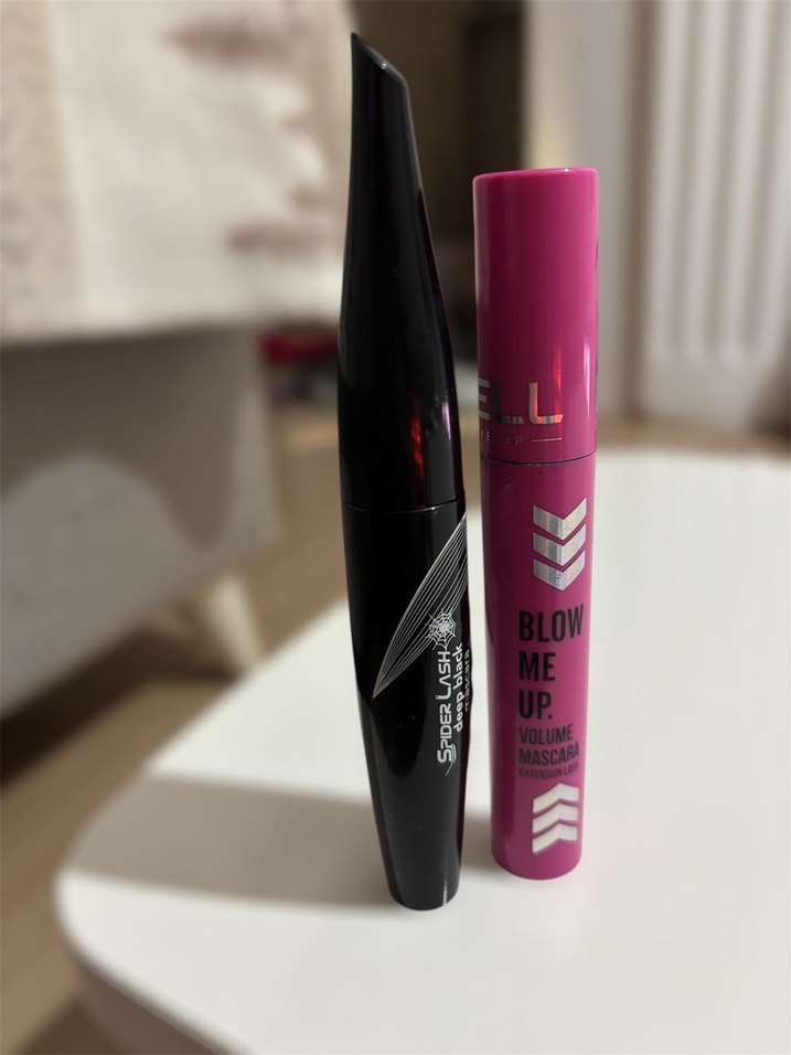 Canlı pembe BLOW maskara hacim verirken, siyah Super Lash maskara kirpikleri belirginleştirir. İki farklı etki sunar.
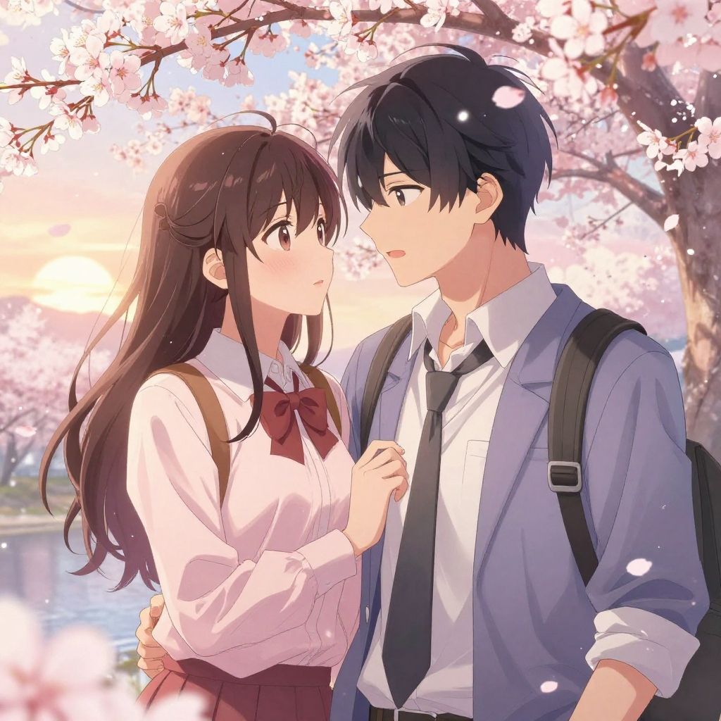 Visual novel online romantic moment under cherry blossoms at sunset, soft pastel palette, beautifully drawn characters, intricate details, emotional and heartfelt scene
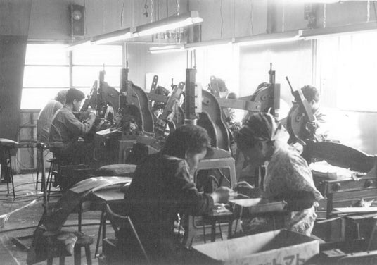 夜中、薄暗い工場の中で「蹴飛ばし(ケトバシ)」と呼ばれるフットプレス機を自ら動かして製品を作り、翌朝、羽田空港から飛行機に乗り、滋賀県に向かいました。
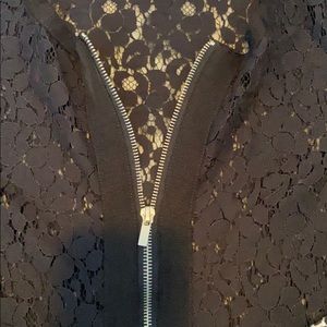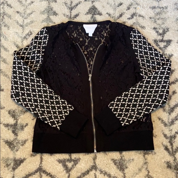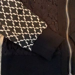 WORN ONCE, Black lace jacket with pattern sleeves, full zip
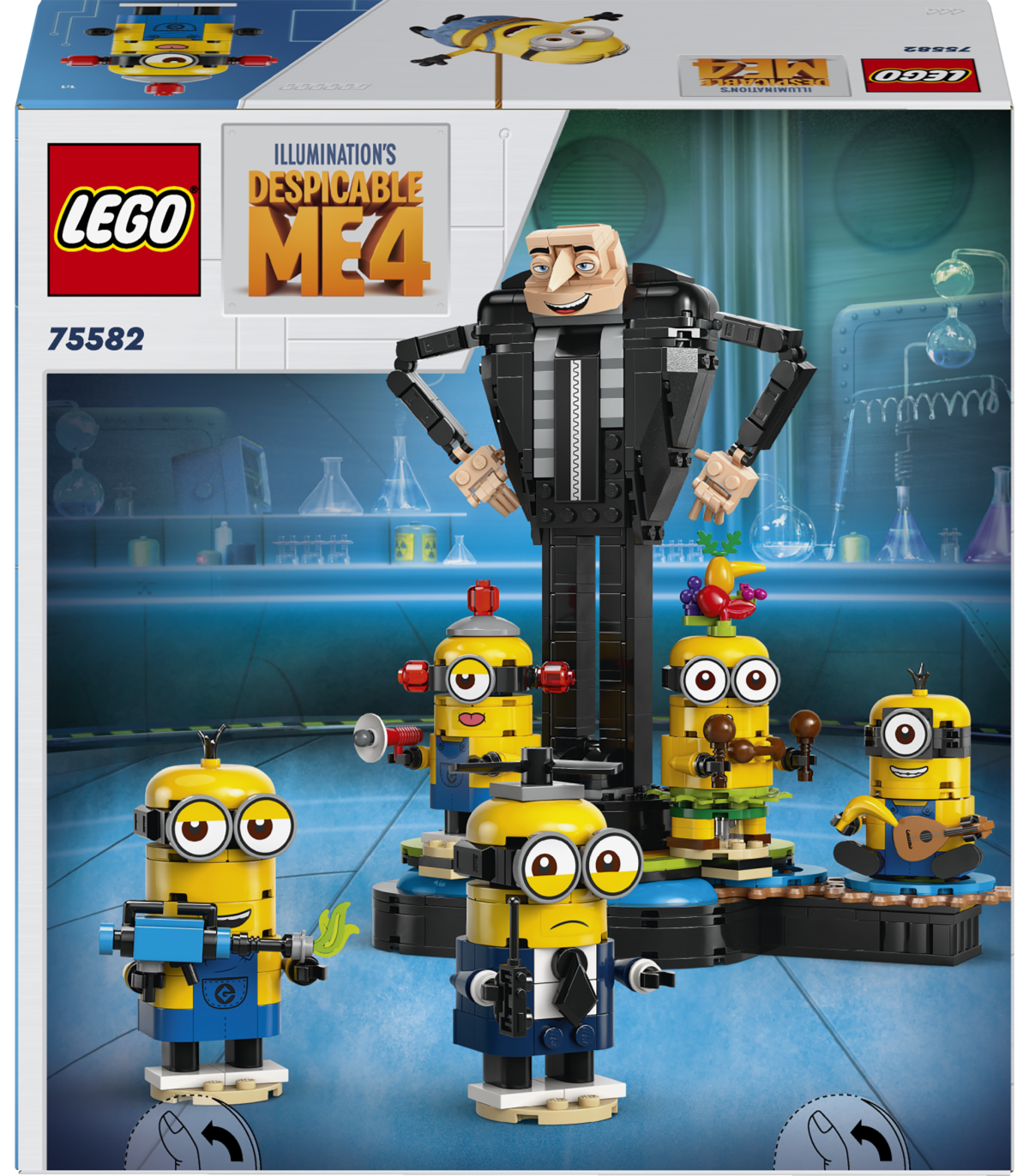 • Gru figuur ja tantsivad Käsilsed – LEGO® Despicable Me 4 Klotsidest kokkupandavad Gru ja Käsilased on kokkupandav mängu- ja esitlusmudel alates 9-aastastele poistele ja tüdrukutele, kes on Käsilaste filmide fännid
══════════════════════════════
#### Task prompt
Pictures must be left out. Repeat exactly the lines from the one containing "夜中、薄暗い工場の中で「蹴飛" through the final line of the data.

#### Task solution
 夜中、薄暗い工場の中で「蹴飛ばし(ケトバシ)」と呼ばれるフットプレス機を自ら動かして製品を作り、翌朝、羽田空港から飛行機に乗り、滋賀県に向かいました。
 WORN ONCE, Black lace jacket with pattern sleeves, full zip
 • Gru figuur ja tantsivad Käsilsed – LEGO® Despicable Me 4 Klotsidest kokkupandavad Gru ja Käsilased on kokkupandav mängu- ja esitlusmudel alates 9-aastastele poistele ja tüdrukutele, kes on Käsilaste filmide fännid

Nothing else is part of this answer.